Records from a data source:
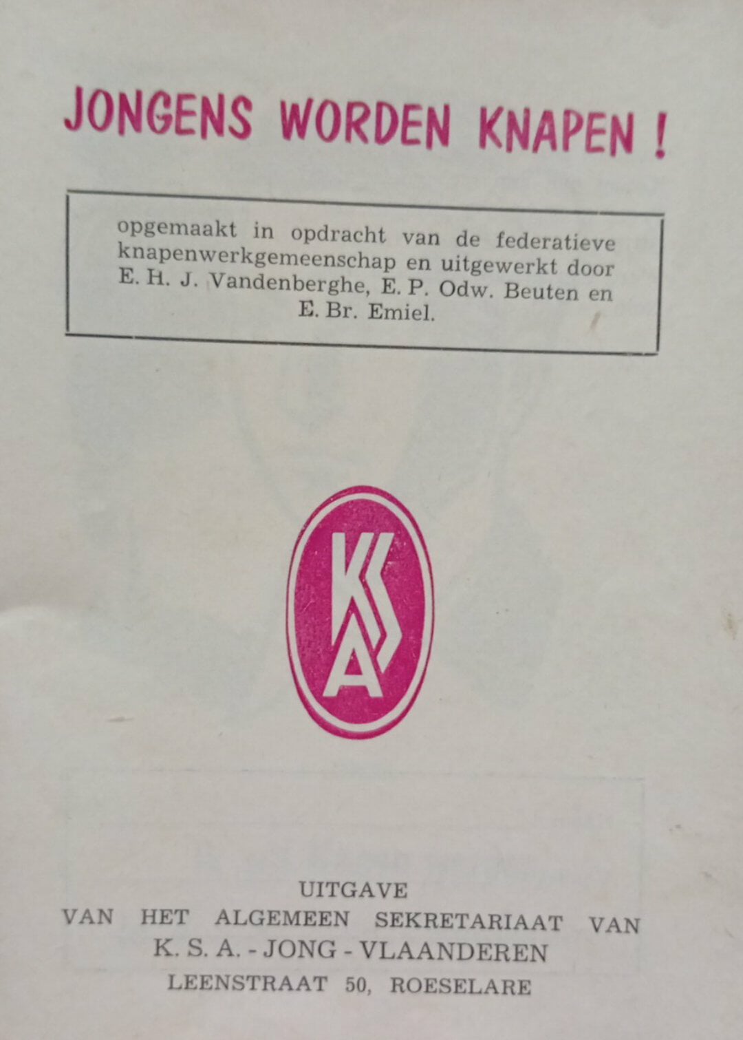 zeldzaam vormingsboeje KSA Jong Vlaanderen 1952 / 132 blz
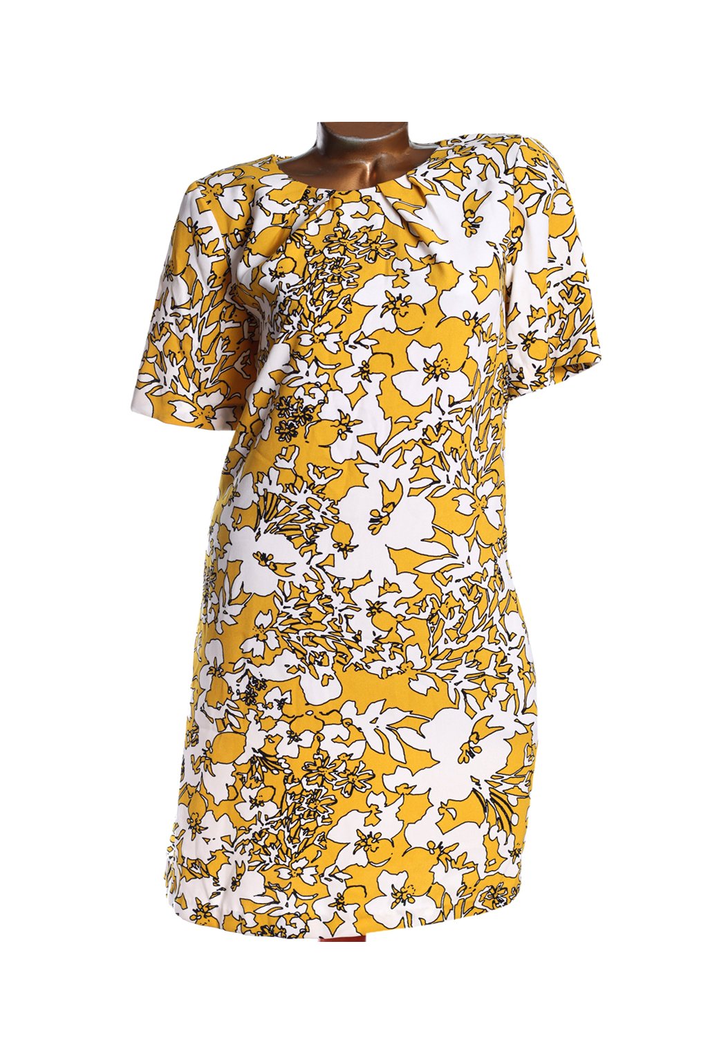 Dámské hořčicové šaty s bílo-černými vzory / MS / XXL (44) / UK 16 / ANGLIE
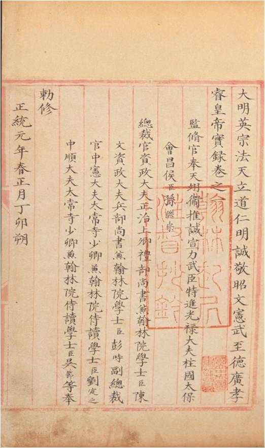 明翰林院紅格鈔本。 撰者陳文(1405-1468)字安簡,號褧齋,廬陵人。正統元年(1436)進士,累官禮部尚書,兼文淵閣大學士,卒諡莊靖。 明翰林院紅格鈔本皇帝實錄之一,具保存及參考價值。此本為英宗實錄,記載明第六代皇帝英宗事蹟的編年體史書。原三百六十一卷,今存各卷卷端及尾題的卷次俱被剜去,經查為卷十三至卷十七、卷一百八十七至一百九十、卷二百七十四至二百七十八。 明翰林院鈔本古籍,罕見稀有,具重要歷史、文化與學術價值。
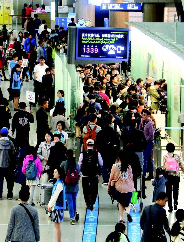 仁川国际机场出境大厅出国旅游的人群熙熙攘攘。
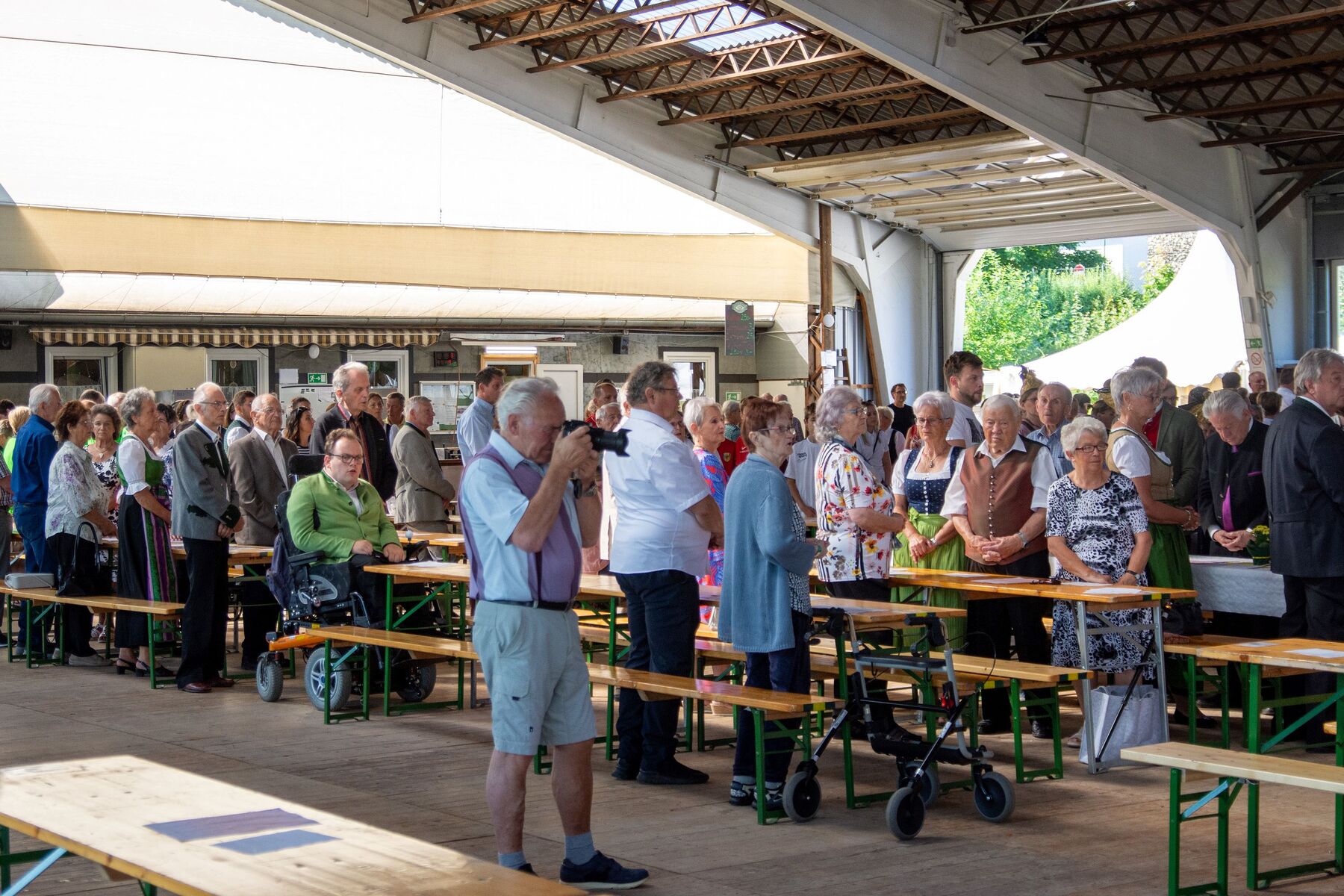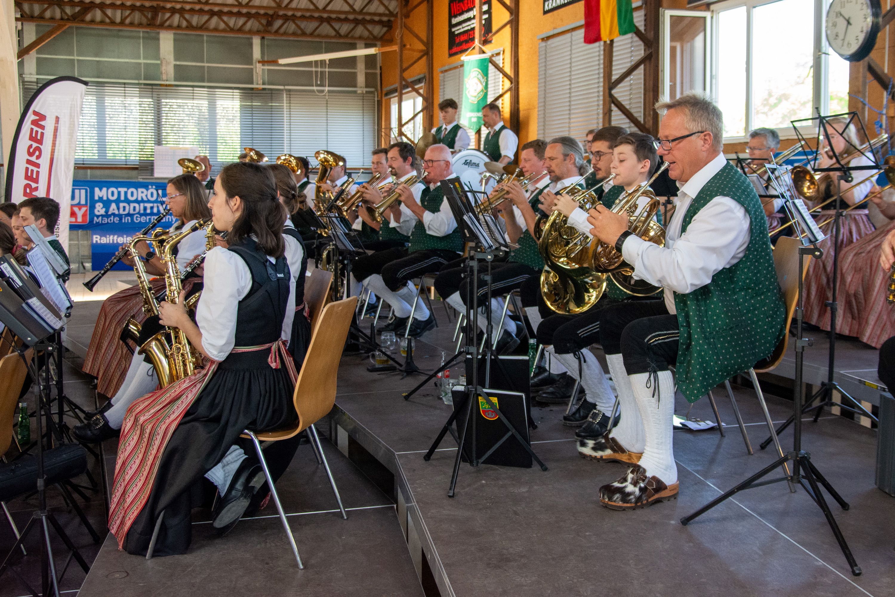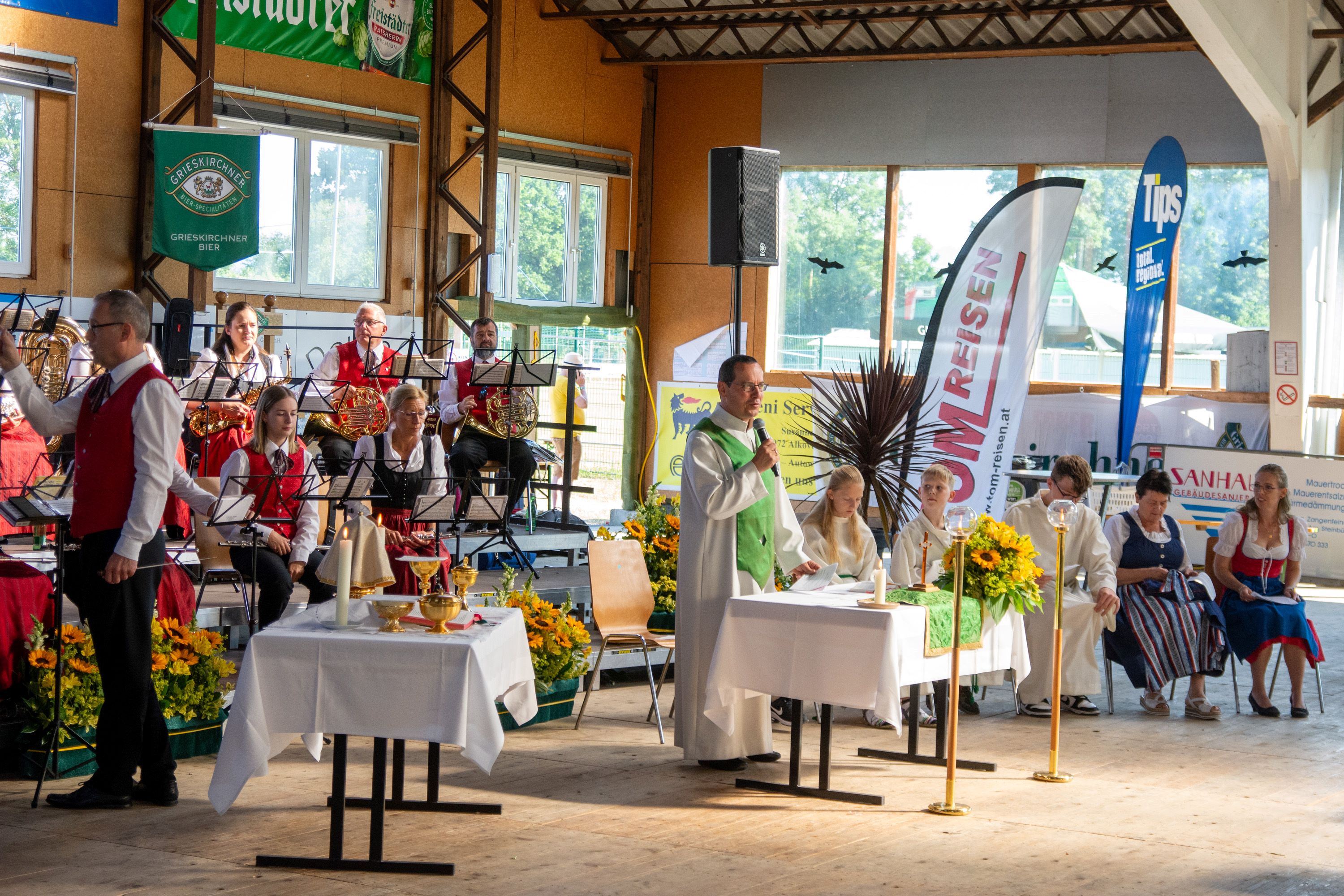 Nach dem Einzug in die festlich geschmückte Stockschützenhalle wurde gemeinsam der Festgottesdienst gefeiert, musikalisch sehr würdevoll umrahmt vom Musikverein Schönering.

= Task brief =
Without including any pictures, reproduce the data exactly.

= Response to this exercise =
 zeldzaam vormingsboeje KSA Jong Vlaanderen 1952 / 132 blz
 Dámské hořčicové šaty s bílo-černými vzory / MS / XXL (44) / UK 16 / ANGLIE
 明翰林院紅格鈔本。 撰者陳文(1405-1468)字安簡,號褧齋,廬陵人。正統元年(1436)進士,累官禮部尚書,兼文淵閣大學士,卒諡莊靖。 明翰林院紅格鈔本皇帝實錄之一,具保存及參考價值。此本為英宗實錄,記載明第六代皇帝英宗事蹟的編年體史書。原三百六十一卷,今存各卷卷端及尾題的卷次俱被剜去,經查為卷十三至卷十七、卷一百八十七至一百九十、卷二百七十四至二百七十八。 明翰林院鈔本古籍,罕見稀有,具重要歷史、文化與學術價值。
 仁川国际机场出境大厅出国旅游的人群熙熙攘攘。
 Nach dem Einzug in die festlich geschmückte Stockschützenhalle wurde gemeinsam der Festgottesdienst gefeiert, musikalisch sehr würdevoll umrahmt vom Musikverein Schönering.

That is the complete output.